Deep Tech has a distinct timetable and business model.
Deep tech has a much longer timeline because it is more focused on solutions to large problems rather than end-products. Most deep tech companies will need a different business model, one that considers which product markets to target. Because most deep tech companies cannot pivot as easily as other tech companies, a longer and more detailed business plan is required to produce successful margins.
Home automation systems, such as video surveillance for home security, tracking devices, and other smart devices, have grown in popularity and will continue to do so in the near future.
Motion sensors/detectors, in conjunction with security cameras, detect break-ins and automatically notify emergency services. This does not necessitate human supervision.
The future of home automation is to make all of your daily chores easier by using simple voice commands.
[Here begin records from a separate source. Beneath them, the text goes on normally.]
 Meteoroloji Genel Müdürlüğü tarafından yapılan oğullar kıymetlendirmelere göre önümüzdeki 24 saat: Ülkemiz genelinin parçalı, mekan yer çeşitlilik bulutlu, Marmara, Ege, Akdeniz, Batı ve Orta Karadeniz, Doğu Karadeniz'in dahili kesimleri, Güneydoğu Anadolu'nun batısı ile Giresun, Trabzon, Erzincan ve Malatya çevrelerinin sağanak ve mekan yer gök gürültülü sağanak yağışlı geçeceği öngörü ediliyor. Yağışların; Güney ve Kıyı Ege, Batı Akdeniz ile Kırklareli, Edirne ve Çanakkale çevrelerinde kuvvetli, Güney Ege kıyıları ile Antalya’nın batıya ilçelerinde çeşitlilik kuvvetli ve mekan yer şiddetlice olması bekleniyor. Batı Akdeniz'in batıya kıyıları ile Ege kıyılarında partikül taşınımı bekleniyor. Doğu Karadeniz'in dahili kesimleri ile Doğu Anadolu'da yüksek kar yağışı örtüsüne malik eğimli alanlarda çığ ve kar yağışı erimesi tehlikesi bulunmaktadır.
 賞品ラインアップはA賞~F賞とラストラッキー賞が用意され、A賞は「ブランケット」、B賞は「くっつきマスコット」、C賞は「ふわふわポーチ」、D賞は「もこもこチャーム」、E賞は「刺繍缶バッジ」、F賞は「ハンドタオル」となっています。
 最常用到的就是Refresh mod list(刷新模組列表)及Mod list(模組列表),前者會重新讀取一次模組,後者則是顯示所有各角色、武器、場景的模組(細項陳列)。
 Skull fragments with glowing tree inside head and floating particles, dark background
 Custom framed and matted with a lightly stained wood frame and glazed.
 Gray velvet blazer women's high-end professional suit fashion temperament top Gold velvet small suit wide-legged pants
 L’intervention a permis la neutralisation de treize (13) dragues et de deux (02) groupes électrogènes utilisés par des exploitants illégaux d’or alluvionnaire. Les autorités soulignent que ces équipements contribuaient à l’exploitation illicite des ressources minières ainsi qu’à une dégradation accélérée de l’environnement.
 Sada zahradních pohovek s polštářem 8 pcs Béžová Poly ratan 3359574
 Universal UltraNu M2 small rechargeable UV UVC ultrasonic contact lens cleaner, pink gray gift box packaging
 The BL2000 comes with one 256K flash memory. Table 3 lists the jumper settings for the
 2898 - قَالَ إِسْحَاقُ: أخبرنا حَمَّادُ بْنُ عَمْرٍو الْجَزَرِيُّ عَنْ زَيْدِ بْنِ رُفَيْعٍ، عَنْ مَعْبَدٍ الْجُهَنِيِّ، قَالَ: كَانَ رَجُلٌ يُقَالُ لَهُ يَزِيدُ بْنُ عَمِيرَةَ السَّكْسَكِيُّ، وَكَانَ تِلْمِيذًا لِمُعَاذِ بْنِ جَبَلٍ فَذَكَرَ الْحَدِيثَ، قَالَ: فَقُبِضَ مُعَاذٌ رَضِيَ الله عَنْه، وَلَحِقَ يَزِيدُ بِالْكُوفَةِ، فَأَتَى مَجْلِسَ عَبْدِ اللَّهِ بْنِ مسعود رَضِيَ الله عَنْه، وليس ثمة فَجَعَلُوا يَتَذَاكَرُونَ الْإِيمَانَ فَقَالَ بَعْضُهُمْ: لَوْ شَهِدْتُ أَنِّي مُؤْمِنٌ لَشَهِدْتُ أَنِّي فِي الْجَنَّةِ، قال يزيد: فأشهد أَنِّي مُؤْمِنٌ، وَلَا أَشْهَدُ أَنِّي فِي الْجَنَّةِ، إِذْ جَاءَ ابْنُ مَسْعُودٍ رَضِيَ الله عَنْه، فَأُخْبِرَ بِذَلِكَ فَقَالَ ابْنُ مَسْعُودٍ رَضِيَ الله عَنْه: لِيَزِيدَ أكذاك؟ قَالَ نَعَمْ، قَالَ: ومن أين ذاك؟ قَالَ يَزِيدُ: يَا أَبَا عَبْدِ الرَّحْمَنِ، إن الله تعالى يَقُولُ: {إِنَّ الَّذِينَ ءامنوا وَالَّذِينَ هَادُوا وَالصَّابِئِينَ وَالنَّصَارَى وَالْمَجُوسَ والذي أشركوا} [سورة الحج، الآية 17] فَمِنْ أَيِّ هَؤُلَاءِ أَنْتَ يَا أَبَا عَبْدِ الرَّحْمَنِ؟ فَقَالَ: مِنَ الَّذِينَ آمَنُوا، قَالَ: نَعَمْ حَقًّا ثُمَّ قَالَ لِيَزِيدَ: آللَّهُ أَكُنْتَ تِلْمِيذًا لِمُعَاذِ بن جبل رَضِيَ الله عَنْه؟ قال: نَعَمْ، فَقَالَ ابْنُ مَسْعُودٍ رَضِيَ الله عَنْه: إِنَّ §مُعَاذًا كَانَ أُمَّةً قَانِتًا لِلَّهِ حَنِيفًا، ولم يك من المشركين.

AI has progressed to the point where these systems can recognize and distinguish between your friends, family, and visitors using a facial recognition feature. Furthermore, by controlling automated lighting sensors, the new technology will manage your energy consumption and help you reduce your carbon footprint.
To summarise, the deep technology revolution is gathering momentum and will soon spread to all sectors, benefiting from its enabling capabilities.
What Do These Distinctions Actually Mean?
These distinctions have significant implications for both investors and consumers of technology. For investors, a deep tech business requires much more capital upfront and has a longer time to ROI than other tech companies. Some deep tech (such as AI and VR) is already being commercialized for consumers, but major advancements are unlikely to be accepted until ten or twenty years from now. Deep tech is just getting started for the entire society. Deep Technology is transforming the world. There is now a global competition for hard-core scientific and research talent in AI and life sciences.
Countries wishing to develop their own Deep Tech sectors must make a concerted effort to improve the ecosystem. A larger Deep Tech idea pipeline and more funds are required.
The timing is ideal. Hard science and engineering are held in high regard for their ability to solve large societal problems. Opportunities abound and are becoming more accessible. It is now time to seize those opportunities.
A growing number of venture capital investments are concentrating on deep channel technologies such as AI, blockchain, and robotics. Companies that put their pioneering vision into action to leverage the industry’s potential to address major issues such as climate change. However, there is still plenty of room for advancement in this field due to the wide range of issues that deep technology can address.